Publication year - 2017
Publication title -
journal of clinical pharmacy and therapeutics
Language(s) - English
Resource type - Journals
SCImago Journal Rank - 0.622
H-Index - 73
eISSN - 1365-2710
pISSN - 0269-4727
DOI - 10.1111/jcpt.12480
Subject(s) - tacrolimus , renal transplant , cyp3a5 , medicine , trough (economics) , pharmacology , urology , kidney transplant , kidney transplantation , transplantation , biology , genotype , genetics , gene , macroeconomics , economics
Summary What is known and objective Tacrolimus is a widely used immunosuppressive drug with marked pharmacokinetic variability partly due to CYP 3A5 polymorphism. Our study aimed to investigate the dynamic effects of CYP 3A5 genotypes on dose requirement and trough concentration ( C 0 ) of tacrolimus in renal transplant recipients. Methods A total of 194 Chinese renal transplant recipients received oral tacrolimus twice daily. Whole‐blood C 0 of tacrolimus were measured on the 3rd day, 7th day, 14th day, 1st month, 3rd month and 6th month post‐transplantation.

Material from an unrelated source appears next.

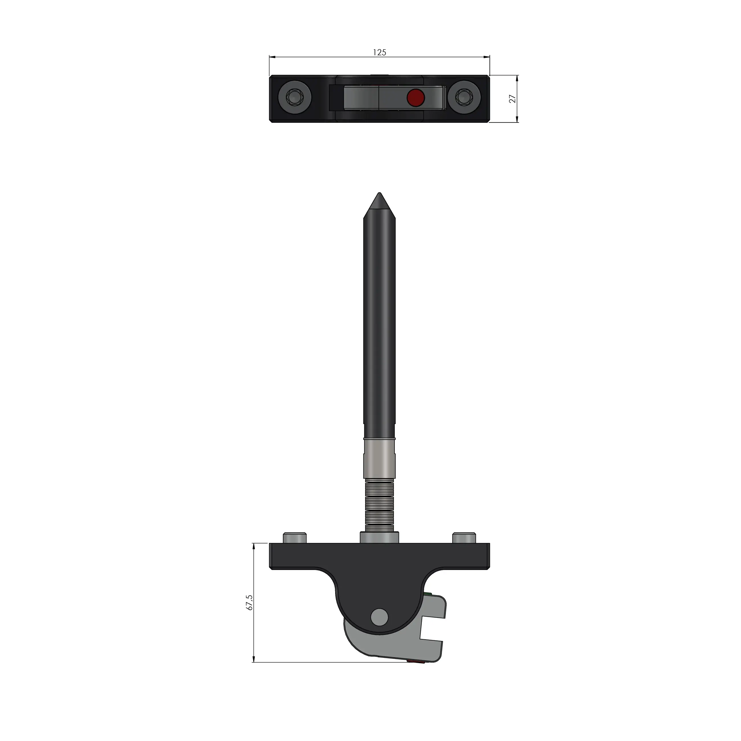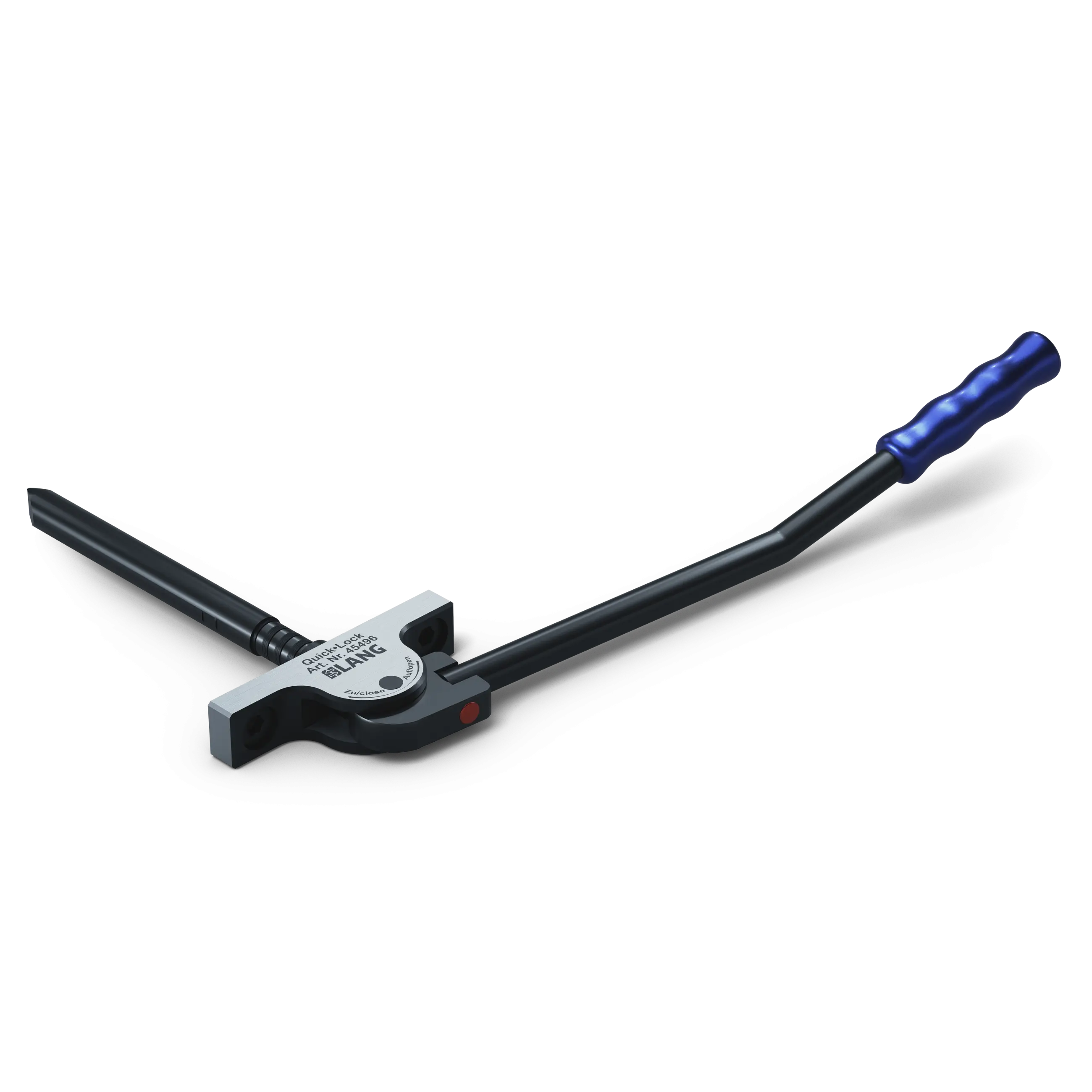 As an alternative to the actuation screw, all round 4-fold grid plates 96 can be conveniently operated with the Quick•Lock fastener. With a 180° closing movement of the Quick•Lock lever, the clamping effect of a clamping device in the zero-point clamping system is established and released, with identical clamping and holding forces as when actuated via the screw.

CYP 3A5 genotypes were determined and the recipients were categorized as CYP 3A5 expressers ( CYP 3A5 *1 allele carriers) and non‐expressers (homozygous CYP 3A5 *3). The correlated serum creatinine, haematocrit and albumin were also detected. Results The allele frequencies for CYP 3A5 *1/*1, *1/*3 and *3/*3 were 7·7%, 44·8% and 47·4%, respectively. There were no significant variability in serum creatinine, haematocrit and albumin values between CYP 3A5 expressers and non‐expressers. Larger doses were administered to CYP 3A5 expressers than to non‐expressers after surgery except the initial dose. C 0 were much lower in CYP 3A5 expressers than in non‐expressers on the 3rd day, 7th day, 14th day and 1st month post‐transplantation ( P < 0·01); however, no significant differences were found on the 3rd and 6th months post‐transplantation. All of the dose‐adjusted C 0 in CYP 3A5 expressers were significantly lower than non‐expressers ( P < 0·01). Less of the recipients achieving target C 0 (4–8 ng/mL) were found in CYP 3A5 expressers than in non‐expressers after initial dose (35·7% vs. 50%). Meanwhile, CYP 3A5 non‐expressers were detected having higher C 0 (>8 ng/mL) during 3 months post‐transplantation. Besides, the proportions in the two groups both increased gradually over time and up to 91·8% and 94% on the 6th month, respectively. What is new and conclusion There are no significant differences in serum creatinine, haematocrit and albumin values between CYP 3A5 expressers and non‐expressers. CYP 3A5 expressers have decreased dose‐adjusted tacrolimus C 0 when compared to non‐expressers. Dose‐adjusted C 0 of tacrolimus increases in a time‐dependent manner in both groups.